Friday, October 4, 2013

Money Can’t Buy Happiness; It Can’t Even Buy MLB Championships


If you look at payroll numbers and compare them to what teams made the playoffs, you’ll find very little congruence between winning and size of payroll – at least this year.  The Yankees of course have the mother of all payrolls – at almost $229 million, three and a half times that of the Pirates – and ended up with a mediocre .525 winning percentage and no playoff berth.

Sure, Boston, the LA Dodgers and Detroit, all with hefty payrolls, made the playoffs.  But so did Cleveland, Oakland, Pittsburgh and Tampa Bay, who respectively rank 21, 26, 27 and 28 in payroll among the 30 MLB teams.  (There’s Billy Beane again.) The remaining teams in the playoffs, St. Louis, Cincinnati and Atlanta, are all in the middle third of the payroll rankings, respectively ranking 11, 13 and 18.  Five playoff teams are in the top half of the payroll rankings; five are in the bottom half.
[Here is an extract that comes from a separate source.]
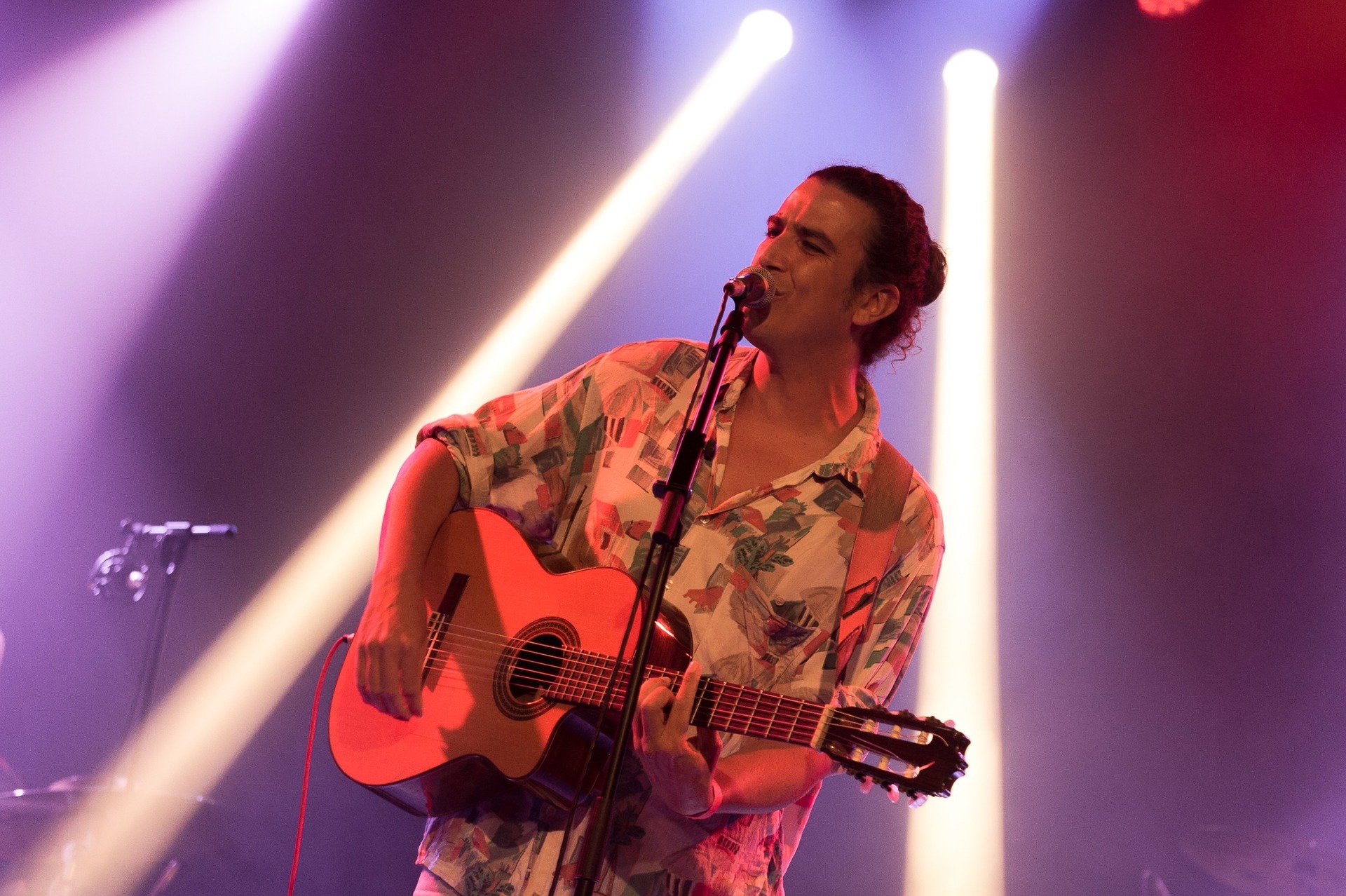 Así que allí estaba, expectante, en mi primera noche de Riviera post confinamiento, esperando a Mr. Kilombo. Creo que los primeros minutos de cada concierto dicen mucho de un artista y de su público, aquí la verdad es que flipé. Sonaban los primeros acordes de ‘Cortocircuitos’ y ya tenía Miki a todo el público cantando la canción de principio a fin. A tope desde el minuto uno.

Among the top 10 largest payrolls in major league baseball, Philadelphia, the LA Angels, the Chicago White Sox and Toronto all had losing records, and the poor White Sox had a winning percentage of only .389, close to the worst in baseball.

It’s not so much that spending less increases your chances of having a winning team, it’s that the amount you spend seems to have no bearing at all on how well you do.  There must be some other factor.

People who know more about baseball than I may be able to explain to me why teams win, but it’s at least clear that payroll is not a particularly good indicator.  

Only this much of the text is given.